The Voting Rights Project has made it clear that universal vote by mail is tried and true. It has been battle-tested in a number of states. We also provided evidence that it doesn’t result in fraud. The myth of voter fraud is really threatening the United States Postal Service. And we worked with faculty at the David Geffen School of Medicine to show that vote by mail is safe and won’t impede someone’s health and safety. This is important evidence for policymakers, not only at the state and local level but also in the United States Congress, as they seek to pass COVID-19 relief that appropriates the necessary funds to have a safe election.

 

“By understanding how to leverage cross-sector partnerships that are rooted in data and facts, you can produce more than if you work in a silo that isn’t able to impart relevant information to drive change.”

 

From 2014 to 2016, you were a deputy attorney general to then-California Attorney General Kamala Harris, who is now running for vice president. Could you talk about your work with her in the California Department of Justice?

In government offices, there’s the opportunity to be in an executive office or a front office. And that means you’re staffing the principal and working on their affirmative agenda. A White House clerkship under President Obama encouraged me to seek out opportunities in California, especially in Los Angeles, which is where I was born and raised. At that time, then-Attorney General Kamala Harris was headquartered in Los Angeles, and I was lucky enough to be a young attorney in the executive office, working on the affirmative agenda, which was kids, women, civil rights and criminal justice issues.

Whatever happened in the news landed on my desk. And this was true of the unaccompanied minors crisis, whereby so many young kids were crossing borders to flee persecution and violence. Yet, under U.S. law, they did not have a right to counsel, and they were expected to present a successful asylum case in front of our courts without any support. I convened a cross-sector bully pulpit of law firms, experts, legal aid advocates, elected officials and even government officials from major agencies to see what we could do to ensure these kids are safe and protected in the U.S.
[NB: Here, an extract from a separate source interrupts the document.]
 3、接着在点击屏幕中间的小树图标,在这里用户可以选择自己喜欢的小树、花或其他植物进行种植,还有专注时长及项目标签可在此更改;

That work was really fundamental to my work now at UCLA. By understanding how to leverage cross-sector partnerships that are rooted in data and facts, you can produce more than if you work in a silo that isn’t able to impart relevant information to drive change.
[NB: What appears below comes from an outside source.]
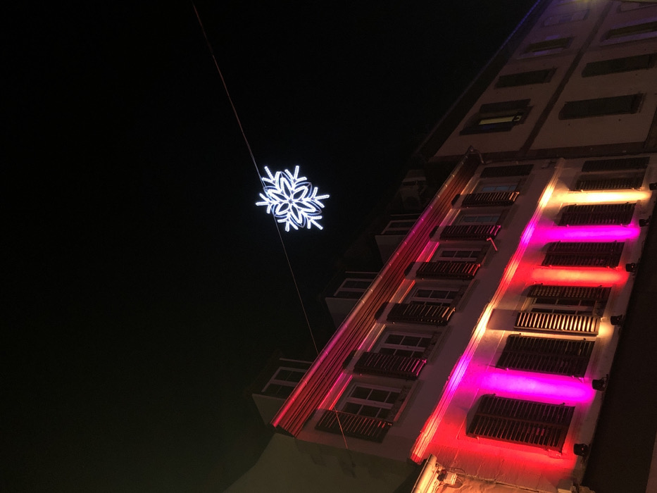 A low-angle shot reveals a brightly lit building with several floors, each featuring shuttered windows. The building's facade is illuminated with alternating bands of red, pink, and yellow light. To the left, a brightly lit, white snowflake decoration hangs suspended against a dark night sky. Thin cables stretch from the snowflake towards the building and upwards, adding to the festive nighttime scene.

What is the driving force behind your work today?

I’m the eldest daughter of two public servants who were able to attend universities in California because of affirmative action. They met at college and pursued careers in environmental planning and housing access. I was lucky to be a second-generation college student who was going to meetings in city hall or housing projects with my mom, and I was really able to model their type of leadership, where everybody is entitled to dignity and respect. You always have to stand up for what’s right. And it’s on that basis that I very clearly knew what it meant to serve and what career aspirations were out there for me.

It started with the idea that anybody who graduated from high school could go to UCLA, which was a radical idea  for a kid of color to expect access to a UC education. When I was a little girl, my brother and I would come and play in the trees at Perloff, because our father was attending graduate school at UCLA. And I remember being a toddler in the office of [Luskin School associate professor emeritus of urban planning] Leo Estrada and then coming back years later as a graduate student.

Leo was really important to me because he was the thread of the work that I do today. Leo’s scholarship on redistricting and Latino voting rights made it possible for me, as a young Chicana growing up in East Los Angeles, to see what was possible at a young age. I’m trying to continue to carry that legacy so that our students are able to lead, not just with technical skills, but with the values that communities of color matter and are deserving of resources, attention and dignity.